When implementing an ESOP, Nichols says your goal should be to make sure employees know about the plan and how it benefits them. And it benefits you and your company, as well, by helping you attract and retain top talent and getting employee buy-in.
“Yeah, you may give up some ownership, financial benefits,” Nichols says. “But after you’re 100 percent ESOP-owned, that stock value will grow faster.”
Under an ESOP, a company contributes money or stock to a trust, and those are divvied up into accounts for eligible employees. But the details of each plan will differ, so it takes clear communication to get
everyone on the same page. At EBO, for example, eligibility is determined by years of service, and only 60 of the 72 employees have worked at the company long enough to qualify.
“It takes constant effort and endless involvement of the employees in what the business is doing and what it is trying to achieve,” Nichols says.
As a result, the plan can sculpt your company’s culture. With a stake in the outcome, your employees bond together under your company’s goals.
“It becomes not the ESOP itself but the culture that you build around it that makes management a lot simpler because you don’t have to constantly get people to buy in to what the company’s doing,” Nichols says.
Before you set the plan in action, seek advice at ESOP conferences and select a third-party trustee to handle administration. Your ongoing task will be passing the big picture on to employees.
“You have much more invested in building the culture and educating employees than you do in just running the system,” Nichols says.

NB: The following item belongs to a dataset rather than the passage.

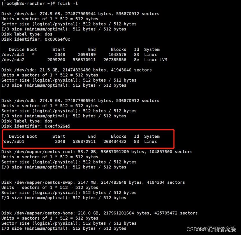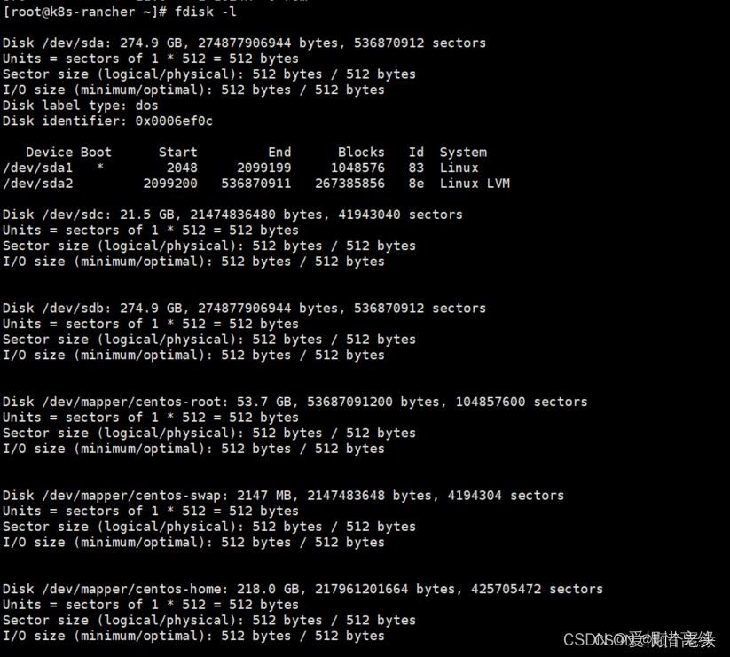 3、fdisk -l查看挂载之前的分区情况

EBO adopted its plan in 1990 as a way to secure the long-term succession plan of the company, which reported revenue of $22 million for fiscal 2008. But Nichols realized that the culture he could build around the ESOP was the real selling point.
The culture starts when you create an in-house ESOP crew. At EBO — which stands for Excellence by Owners — Nichols formed a committee with one nonmanagerial employee from each department. Every year, one member rotates out and his or her department elects a replacement.
Nichols says you need to equip the committee to clearly communicate with the rest of your staff. To do that, he brought in ESOP administrators to train committee members to translate the plan to other
employees and to provide updates about legislative ESOP changes and explain account statements.
For employees to fully understand their accounts, you also need to communicate to them the company’s goals and performance. For example, providing financial statistics allows employees to see how the company’s growth trickles down to benefit them.
And while employees are reaping the benefits of the plan, remind yourself that you are benefiting, as well.
“It all boils down to what you want the ownership to look like in 10, 15, 20 years. [If] you have that drive to see your business flourish even when you’re gone, then you’ll get a different culture than the person that … just wants out.”